** Opening PROVIDED RECORDS block **

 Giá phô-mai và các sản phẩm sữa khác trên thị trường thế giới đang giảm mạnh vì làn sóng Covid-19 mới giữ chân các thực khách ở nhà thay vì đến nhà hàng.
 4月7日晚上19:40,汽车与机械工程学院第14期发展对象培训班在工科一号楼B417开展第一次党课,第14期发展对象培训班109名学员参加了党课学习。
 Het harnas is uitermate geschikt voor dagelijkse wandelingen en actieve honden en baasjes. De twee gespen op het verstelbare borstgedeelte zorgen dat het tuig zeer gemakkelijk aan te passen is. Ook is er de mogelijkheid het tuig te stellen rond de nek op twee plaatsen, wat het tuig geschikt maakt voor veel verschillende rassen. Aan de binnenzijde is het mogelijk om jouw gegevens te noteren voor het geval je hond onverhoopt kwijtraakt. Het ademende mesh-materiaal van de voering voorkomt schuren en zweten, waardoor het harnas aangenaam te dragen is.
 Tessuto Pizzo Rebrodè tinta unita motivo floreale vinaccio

** Closing PROVIDED RECORDS block **
** Opening PROVIDED RECORDS block **

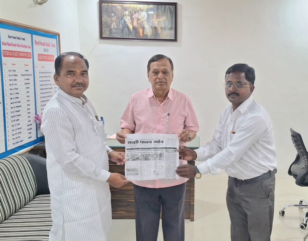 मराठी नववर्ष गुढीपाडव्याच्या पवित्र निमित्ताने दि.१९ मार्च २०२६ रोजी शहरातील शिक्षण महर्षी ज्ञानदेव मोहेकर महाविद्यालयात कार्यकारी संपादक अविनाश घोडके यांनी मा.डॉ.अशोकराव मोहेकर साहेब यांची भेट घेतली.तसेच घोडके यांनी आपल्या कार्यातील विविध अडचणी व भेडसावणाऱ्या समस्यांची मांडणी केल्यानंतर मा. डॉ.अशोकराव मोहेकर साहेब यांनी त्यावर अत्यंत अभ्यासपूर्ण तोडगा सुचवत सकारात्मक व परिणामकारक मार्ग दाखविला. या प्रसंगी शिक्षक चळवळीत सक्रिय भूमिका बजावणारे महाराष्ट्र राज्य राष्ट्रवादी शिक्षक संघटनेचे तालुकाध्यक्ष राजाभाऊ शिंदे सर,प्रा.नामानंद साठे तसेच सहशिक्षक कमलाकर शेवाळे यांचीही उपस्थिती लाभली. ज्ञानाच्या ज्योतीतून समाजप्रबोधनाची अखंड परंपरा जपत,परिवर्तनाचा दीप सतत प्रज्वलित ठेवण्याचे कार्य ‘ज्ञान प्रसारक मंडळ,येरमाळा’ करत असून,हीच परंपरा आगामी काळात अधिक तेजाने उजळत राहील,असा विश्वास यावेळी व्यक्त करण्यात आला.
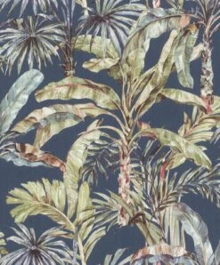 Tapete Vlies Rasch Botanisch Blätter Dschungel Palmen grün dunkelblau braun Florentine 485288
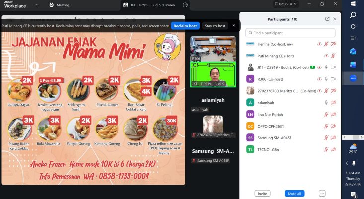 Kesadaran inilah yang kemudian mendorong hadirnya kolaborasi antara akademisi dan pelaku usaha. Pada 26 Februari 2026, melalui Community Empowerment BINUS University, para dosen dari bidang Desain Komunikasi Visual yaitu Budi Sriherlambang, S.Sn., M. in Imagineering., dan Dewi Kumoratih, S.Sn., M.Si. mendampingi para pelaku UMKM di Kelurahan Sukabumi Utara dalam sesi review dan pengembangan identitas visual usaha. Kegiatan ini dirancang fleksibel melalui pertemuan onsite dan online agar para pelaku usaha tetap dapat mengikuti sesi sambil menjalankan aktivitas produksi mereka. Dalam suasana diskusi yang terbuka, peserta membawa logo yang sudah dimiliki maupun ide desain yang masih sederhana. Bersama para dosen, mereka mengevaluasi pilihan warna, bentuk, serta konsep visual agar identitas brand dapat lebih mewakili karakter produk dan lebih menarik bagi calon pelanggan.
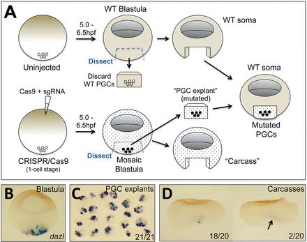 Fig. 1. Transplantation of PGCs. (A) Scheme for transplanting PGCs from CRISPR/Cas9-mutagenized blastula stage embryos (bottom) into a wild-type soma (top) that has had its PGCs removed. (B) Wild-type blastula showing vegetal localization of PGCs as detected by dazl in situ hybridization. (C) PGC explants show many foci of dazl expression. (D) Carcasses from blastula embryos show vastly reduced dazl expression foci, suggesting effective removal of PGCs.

** Closing PROVIDED RECORDS block **
** Opening PROVIDED RECORDS block **

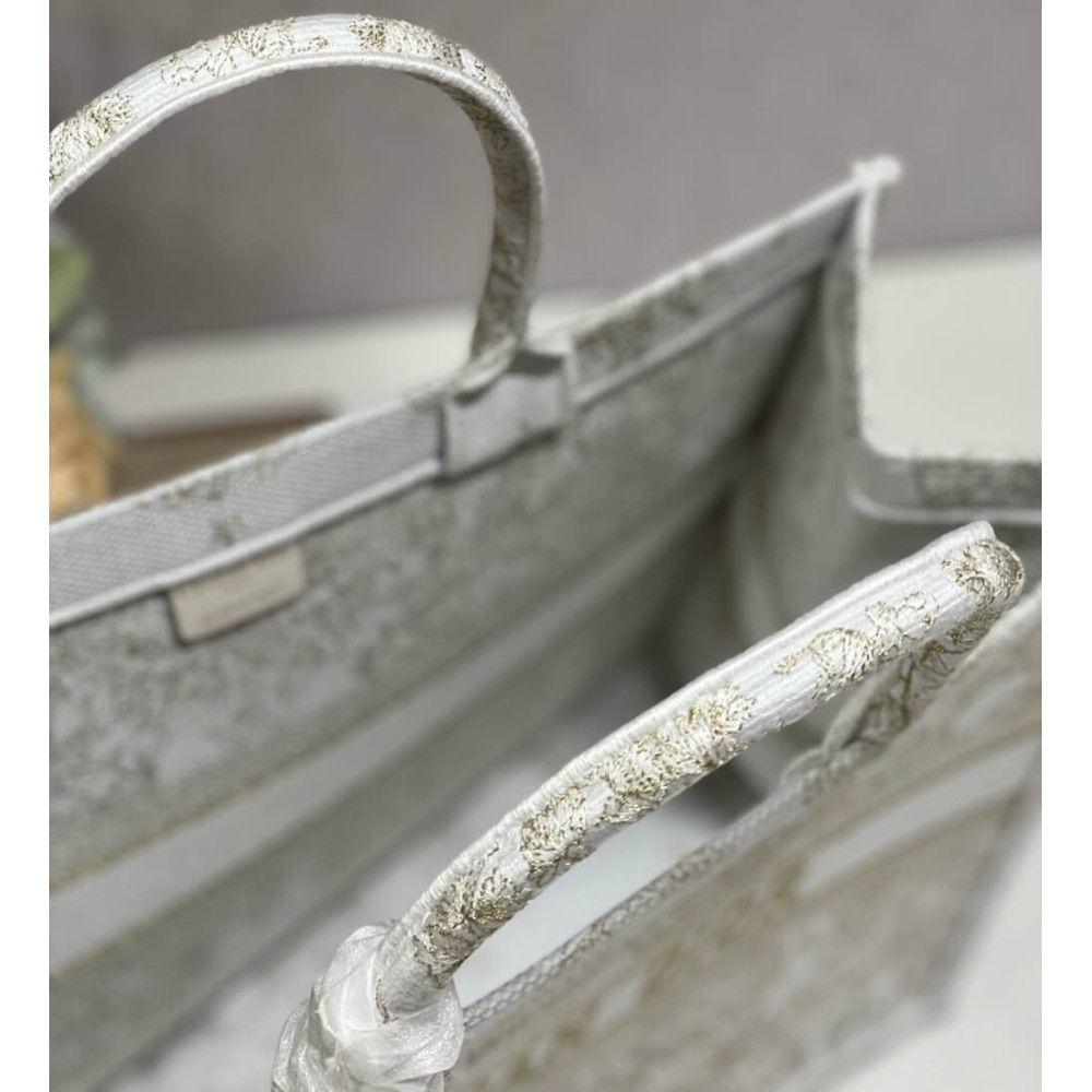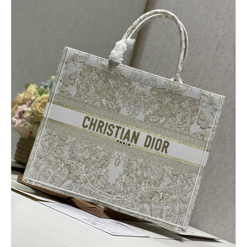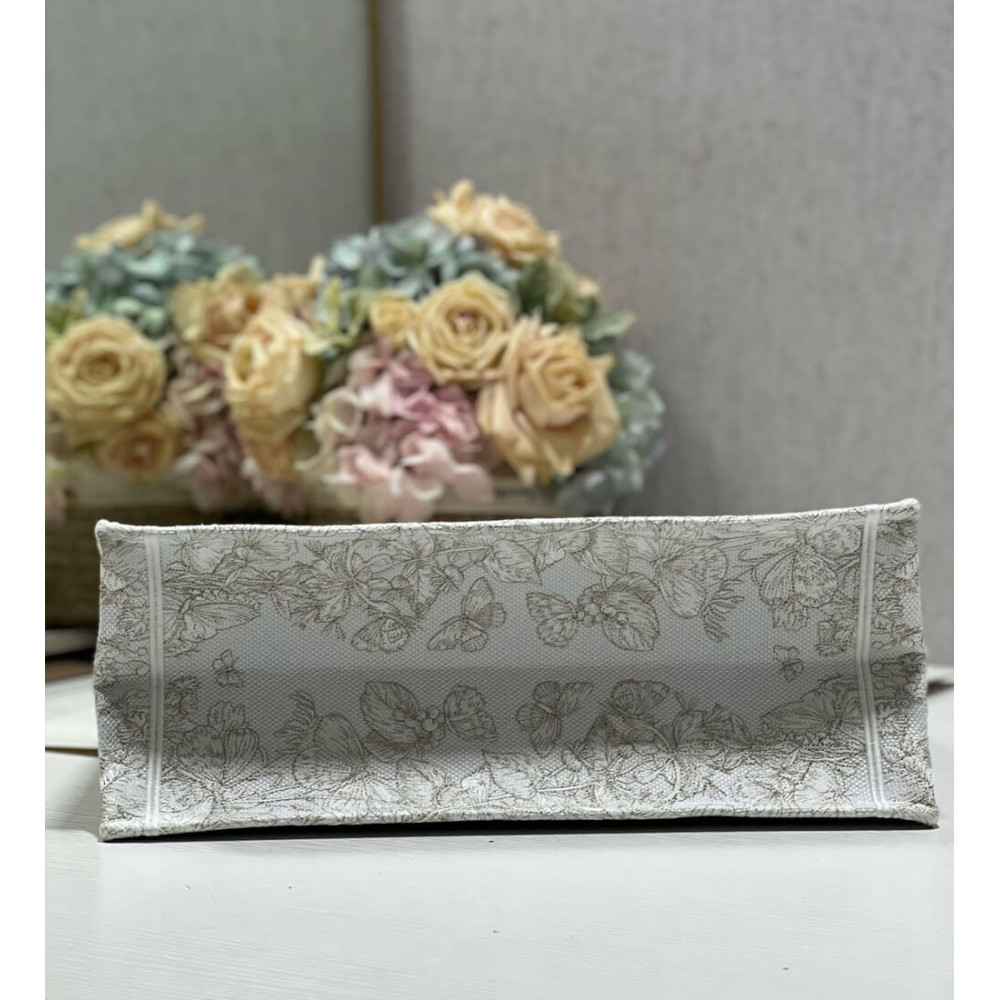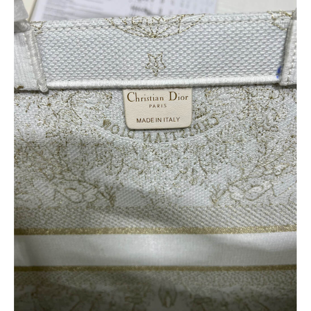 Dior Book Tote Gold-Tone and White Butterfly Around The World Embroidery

** Closing PROVIDED RECORDS block **

» INSTRUCTIONS TO FOLLOW
Word for word, retype the lines in the entries above that run from the one with "मराठी नववर्ष गुढीपाडव्याच्या" through the one with "Tapete Vlies Rasch". Both ends count; pictures do not.

» ANSWER TO THE EXERCISE
 मराठी नववर्ष गुढीपाडव्याच्या पवित्र निमित्ताने दि.१९ मार्च २०२६ रोजी शहरातील शिक्षण महर्षी ज्ञानदेव मोहेकर महाविद्यालयात कार्यकारी संपादक अविनाश घोडके यांनी मा.डॉ.अशोकराव मोहेकर साहेब यांची भेट घेतली.तसेच घोडके यांनी आपल्या कार्यातील विविध अडचणी व भेडसावणाऱ्या समस्यांची मांडणी केल्यानंतर मा. डॉ.अशोकराव मोहेकर साहेब यांनी त्यावर अत्यंत अभ्यासपूर्ण तोडगा सुचवत सकारात्मक व परिणामकारक मार्ग दाखविला. या प्रसंगी शिक्षक चळवळीत सक्रिय भूमिका बजावणारे महाराष्ट्र राज्य राष्ट्रवादी शिक्षक संघटनेचे तालुकाध्यक्ष राजाभाऊ शिंदे सर,प्रा.नामानंद साठे तसेच सहशिक्षक कमलाकर शेवाळे यांचीही उपस्थिती लाभली. ज्ञानाच्या ज्योतीतून समाजप्रबोधनाची अखंड परंपरा जपत,परिवर्तनाचा दीप सतत प्रज्वलित ठेवण्याचे कार्य ‘ज्ञान प्रसारक मंडळ,येरमाळा’ करत असून,हीच परंपरा आगामी काळात अधिक तेजाने उजळत राहील,असा विश्वास यावेळी व्यक्त करण्यात आला.
 Tapete Vlies Rasch Botanisch Blätter Dschungel Palmen grün dunkelblau braun Florentine 485288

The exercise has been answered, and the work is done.